Ok - don’t overthink this part. (I totally did!) Just list out the platforms and strategies that you plan on using. These could be everything under the sun - Pinterest, Youtube, Instagram, social media advertising, SEO, a word of mouth strategy, webinars, Linkedin, Facebook groups, writing articles for features, job posting sites, collaborations with other artists or influencers and other brands, etc.
With marketing, it’s going to be pretty difficult to immediately know if something is going to work for you and your particular setup. (With ‘setup’ being the market, your product, your branding, current social media algorithms, etc.) Instead, what makes more sense is to keep an open mind and have a marketing plan that you’ll test out and tweak with little optimizations here and there until you see some success. Some things will work and some will not - just keep up with it because in the age of the internet, successful marketing can have many different faces. And make sure that you tackle only one strategy or social media platform at a time - it’ll be very difficult to make actual progress if you’re chasing a bunch of shiny objects all at once.
SWOT stands for Strengths, Weaknesses, Opportunities, & Threats, and analyzing all of this is INVALUABLE. You’re basically defining your business for what it is at its core, and you can use this to determine which marketing strategies are going to work best.

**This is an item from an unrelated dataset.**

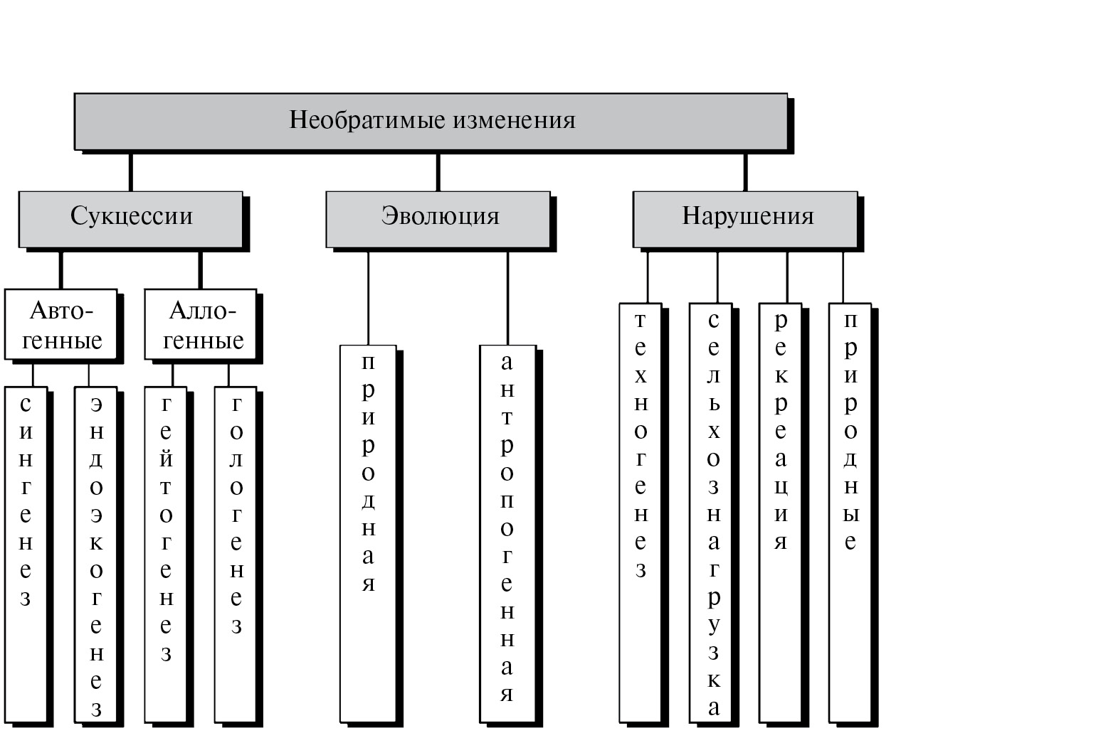 - необратимые (сукцессии, эволюция сообществ, нарушения).

If you actually know all of your business’ strengths, weaknesses, opportunities, & threats when you’re writing out your business plan, you’re a f*cking genius. It’s so tough to know how exactly your business is going to stack up in the first stages (which for me, those stages lasted about 3 years). But just do a little research, and make your best guess as to what your business’ actual strengths, weaknesses, opportunities, and threats are.
This differs from your mission statement because the mission statement is more practical and current, whereas the vision is more like your hopes and dreams for the business. Maybe right now, your mission statement is ‘a visual artist devoted to empowering self-confessed, non-creative people via workshops and tutorials’, but your vision and long-term goal might be ‘establishing a strong, supportive community that fosters creativity cultivation’. Are you pickin' up what I'm puttin' down?
Putting the Visual Business Plan Template for Artists to Use
If you fill in the whole business plan template, and it doesn’t seem all that doable or enjoyable to you - pivot, which just means adjust your strategy a bit. (Here's where 'pivot' comes from) If there’s too much competition and not enough value that you're able to offer in comparison - pivot to offer a different type of value that other competitors aren’t. If your competitors all have pretty much the same mission statement as you, pivot to help a slightly different group of people who don’t have as much options or support.
I know that we're still talking about art here, and for most people, it's easy to say 'What do you mean 'pivot' to offer more options or support to a different group of people?' 'How are all artists not out to just make art & make a living doing it?' But you & I know that artists can serve many different types of experiences, products, & services to many different types of people.
If you look at your SWOT analysis and your strengths are pretty unique compared to your competitors - pivot and make sure that the rest of your business plan is focused on playing up your strengths because that’s where you have the most to offer.
Use your business plan to review your current ideas for what you’re going to do next, and don’t be scared to pivot so that your business is positioned in the best possible way.